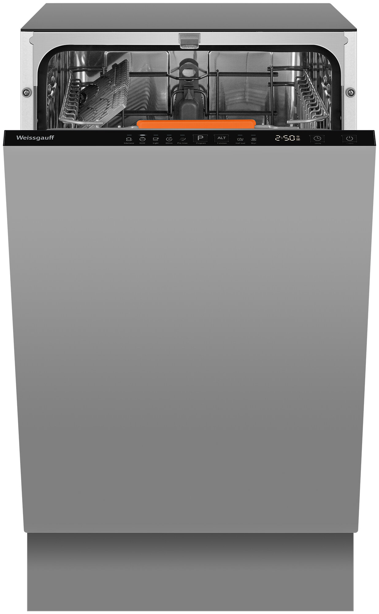 Встраиваемая посудомоечная машина с лучом на полу Weissgauff BDW 4525 D Infolight, 3 года гарантии, 9 комплектов посуды, 5 программ, половинная загрузка, дополнительная сушка, индикаторы соли и ополаскивателя, энергоэффективность А+++ интересное:
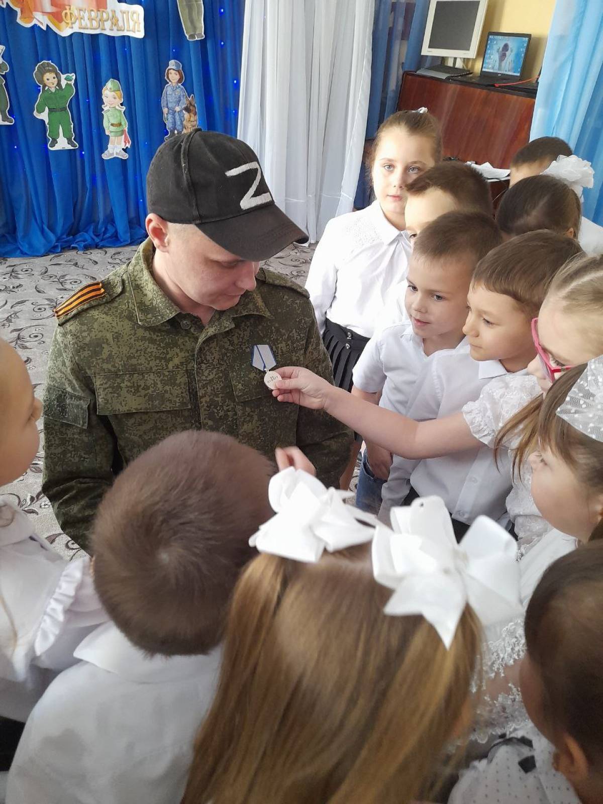 Дети исполнили концертные номера и в преддверии Дня защитника Отечества подарили гостям самолетики. Участник СВО рассказал ребятам о важности утренней зарядки, о пользе каши, о дружбе. Малыши с интересом слушали героя и рассматривали его медаль.
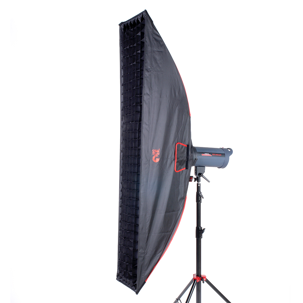 Софтбокс Falcon Eyes SBQ-30160 BW жаропрочный с сотовой насадкой — световой модификатор для студийных осветительных приборов с байонетом Bowens, предназначен для создания мягкого рассеянного освещения без резких теней и бликов. Размер софтбокса 30×160 см. Может использоваться практически с любыми студийными вспышками или галогеновыми осветителями мощностью до 1000 Вт.
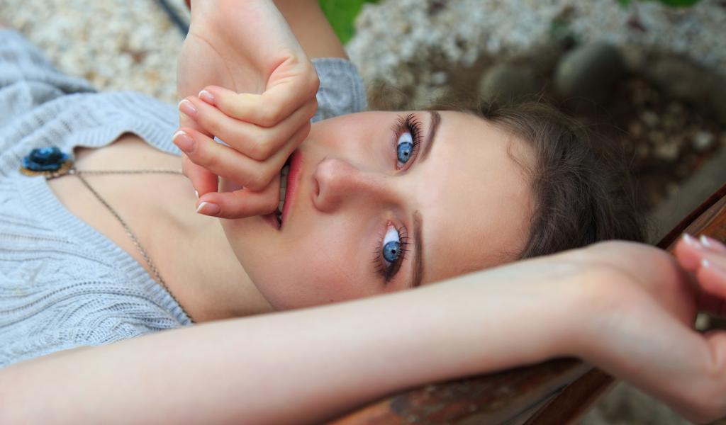 Обои Красивая голубоглазая девушка с рукой у рта

**Exercise details:**
The whole listing must come back verbatim, with no pictures included.

**Solution:**
 Встраиваемая посудомоечная машина с лучом на полу Weissgauff BDW 4525 D Infolight, 3 года гарантии, 9 комплектов посуды, 5 программ, половинная загрузка, дополнительная сушка, индикаторы соли и ополаскивателя, энергоэффективность А+++ интересное:
 Дети исполнили концертные номера и в преддверии Дня защитника Отечества подарили гостям самолетики. Участник СВО рассказал ребятам о важности утренней зарядки, о пользе каши, о дружбе. Малыши с интересом слушали героя и рассматривали его медаль.
 Софтбокс Falcon Eyes SBQ-30160 BW жаропрочный с сотовой насадкой — световой модификатор для студийных осветительных приборов с байонетом Bowens, предназначен для создания мягкого рассеянного освещения без резких теней и бликов. Размер софтбокса 30×160 см. Может использоваться практически с любыми студийными вспышками или галогеновыми осветителями мощностью до 1000 Вт.
 Обои Красивая голубоглазая девушка с рукой у рта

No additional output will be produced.